Frankfurt (www.anleihencheck.de) - Trotz der erneut aufflammenden Regierungskrise in Brasilien setzten die Rentenmärkte der Emerging Markets (EM) im Mai ihren seit Monaten andauernden Aufwärtstrend fort, so die Experten von Union Investment.

Unterstützung sei dabei von den anhaltend hohen Mittelzuflüssen und den festen Rohstoffpreisen gekommen. Auch die weiterhin ausbleibenden protektionistischen Maßnahmen vonseiten der USA und der schwächere US-Dollar hätten für Rückenwind gesorgt. So hätten EM-Renten-Investments auf Indexebene (J.P. Morgan EMBI Global Div. Index) im Mai 0,9 Prozent an Wert gewonnen. Die Risikoaufschläge (Spreads) hätten sich, nach einer sprunghaften Ausweitung rund um die Nachrichten aus Brasilien, auf Monatssicht seitwärts entwickelt.
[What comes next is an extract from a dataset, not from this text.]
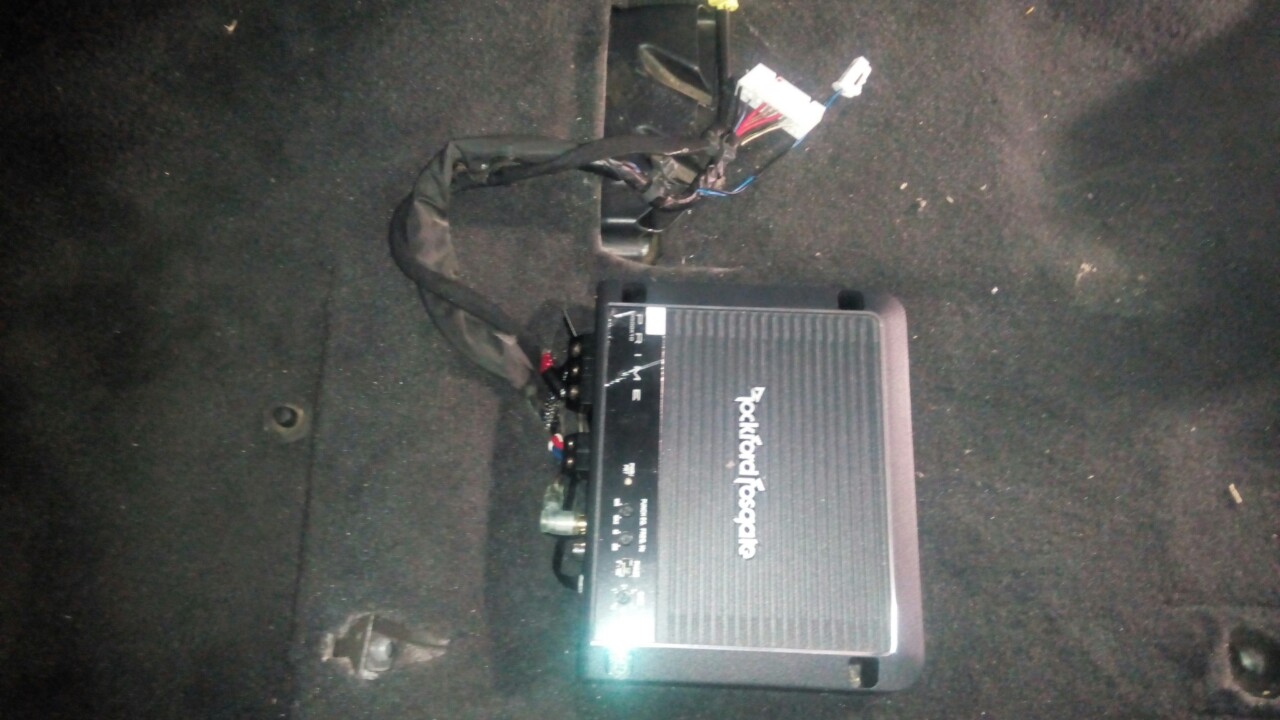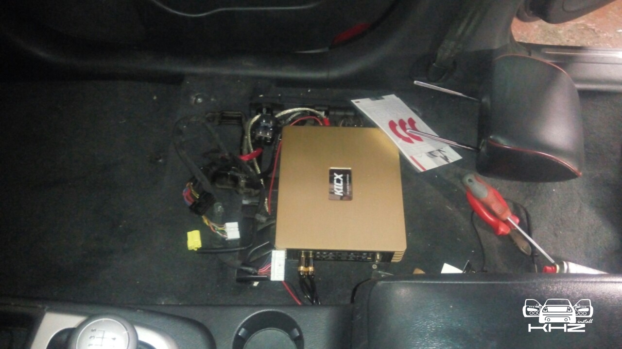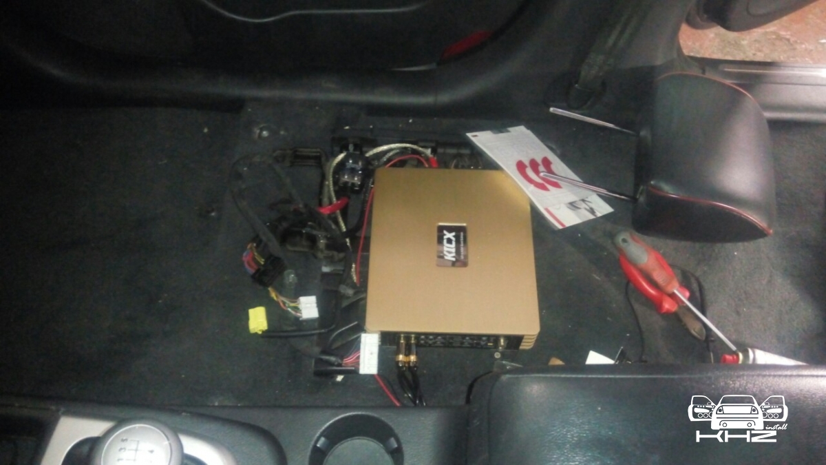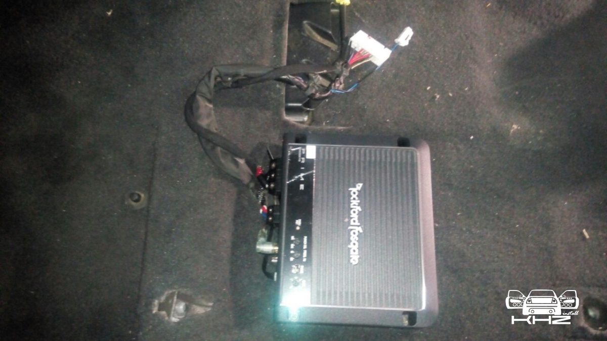 Акустика встановлена, далі підсилювачі звуку, єдине місце в Хюндай Санта Фе для встановлення підсилювачів - це під сидіннями. З одного боку було розміщено 4-х канальний Kicx QS 4.95 Gold і розподільник живлення для другого підсилювача Rockford R500 x1, який є моноблоком з потужністю в 500Вт в підключенні в 2 Ом. І має компактні розміри. Силова проводка була прокладена вся мідна і хорошого перетину, так само була захищена зміїною шкірою.

Am 18. Mai sei bekannt geworden, dass Brasiliens Interimspräsident Michel Temer Schweigegeld-Zahlungen an den inzwischen verurteilen Ex-Chef des Unterhauses Cunha gebilligt haben solle. Temer, der die Vorwürfe bestreite, rücke damit ebenfalls ins Zentrum des gigantischen Korruptionsskandals rund um den halbstaatlichen Energiekonzern Petrobras. Die Märkte hätten heftig reagiert: Der Brasilianische Real habe gegenüber dem US-Dollar zeitweise über 10 Prozent verloren, die Spreads für lokale Anleihen aus Brasilien hätten sich um bis zu 150 Basispunkte ausgeweitet. Ein Grund für die starken Bewegungen seien die bereits eingepreisten hohen Erwartungen an die Reformagenda Temers gewesen. Insbesondere die für die Konsolidierung der Staatsfinanzen wichtige Renten- und Arbeitsmarktreform dürfte sich nun nach hinten verschieben und damit auch die wirtschaftliche Erholung Brasiliens ausbremsen. Die Ratingagenturen Moody's und S&P hätten bereits reagiert und ihre Note jeweils mit einem negativen Ausblick versehen.
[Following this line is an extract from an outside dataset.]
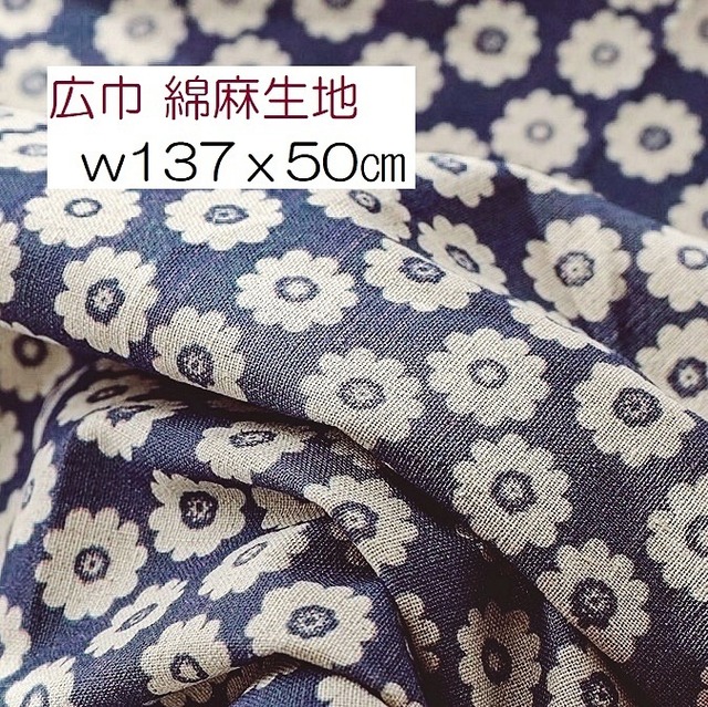 ワイド巾 花柄 綿麻生地 w137xh50㎝ デイジー 広巾 ハーフリネン 布地 ハンドメイド 生地

Die Aktivität am Primärmarkt sei im Mai zurückgegangen. Die Neuemissionen seien aber - trotz teils ambitionierter Bewertung - gut nachgefragt geblieben. So seien die Platzierungen von Sri Lanka und Senegal mehrfach überzeichnet gewesen. Die Herabstufung von Chinas Kreditwürdigkeit durch Moody's auf A1 sei von den Marktteilnehmern erwartet worden und daher nicht von Preisverwerfungen begleitet gewesen.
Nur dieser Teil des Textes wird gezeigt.